The Swiss economy will grow by 1.4 % in 2025 – SECO

In its economic expectations in March, the State Secretariat in Switzerland for Economic Affairs (SECO) said that “the Swiss economy will grow by 1.4 % in 2025.”

Additional fast food

2025 GDP local product (average sporty event) sees at +1.4 % (previous expectations +1.5 %) were.

2026 GDP local product (average sporting event) sees at +1.6 % (previous expectations +1.7 %) were.

2025 consumer price index sees +0.3 % (previous expectations +0.3 %) were.

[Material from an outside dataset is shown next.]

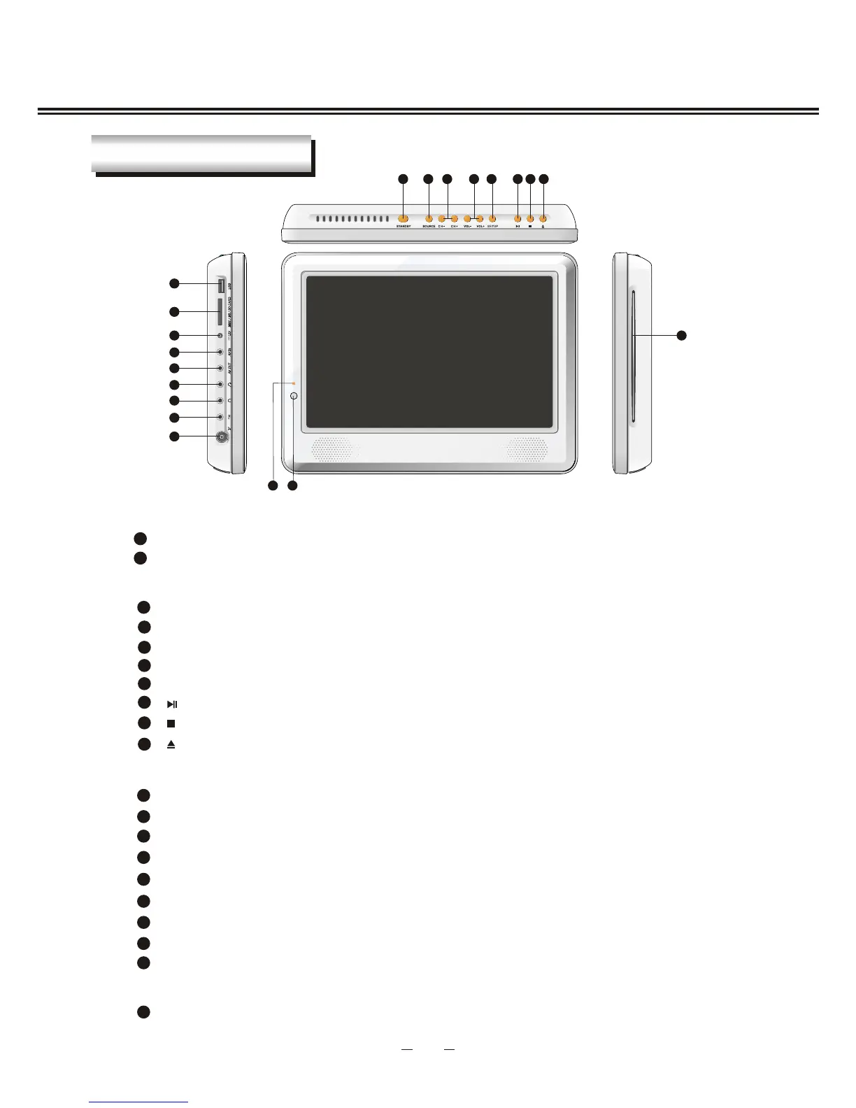 Indicator( )Indicator is red when in standby mode, green when working normally.

The Swiss government sees 2026 consumer price index at +0.6 % (previous expectations +0.7 %) were.

The Swiss economy is seen growing less than the historical average for another two years.

Market reaction

Time to write this report, USD/CHF He decreased by 0.09 % a day, trading at about 0.8800.

Common questions about the Swiss economy

Switzerland is the ninth economy, which is measured by GDP GDP (GDP) in the European continent. The gross domestic product of the individual – a broad measure of medium living levels – is ranked first in the world, which means it is one of the richest countries in the world. Switzerland tends to be in the higher centers in the world rankings on living levels, development indexes, competitiveness or innovation.

Switzerland is an open economy and a free market depends mainly on the services sector. The Swiss economy has a strong export sector, and the adjacent European Union (EU) is its main business partner. Switzerland is a pioneering source of watches and watches, and hosts the leading companies in the food, chemical and pharmaceutical industries. The country is an international tax haven, as tax rates and income tax are available compared to its European neighbors.

As a high -income country, the Swiss economy growth rate has decreased over the past decades. However, its political and economic stability, levels of higher education, and companies with a higher level in many industries and put them in tax download made it a favorite destination for foreign investment. This generally benefited from the Swiss franc (CHF), which historically maintained relatively strong against its main peers. In general, a good performance of the Swiss economy – based on high growth, low unemployment and stable prices – tends to estimate the Chif. On the contrary, if economic data indicates poor momentum, CHF is likely to decrease.

Switzerland is not a source of commodities, so the prices of public goods are not a major engine for Swiss franc (CHF). However, there is a slight relationship with both gold and oil prices. With gold, the CHF condition served as a secure reduced and the fact that the currency that was supported by the precious metal means that both assets tend to move in the same direction. With oil, a paper released by the Swiss National Bank (SNB) indicates that the rise in oil prices can negatively affect the CHF evaluation, because Switzerland is a net fuel.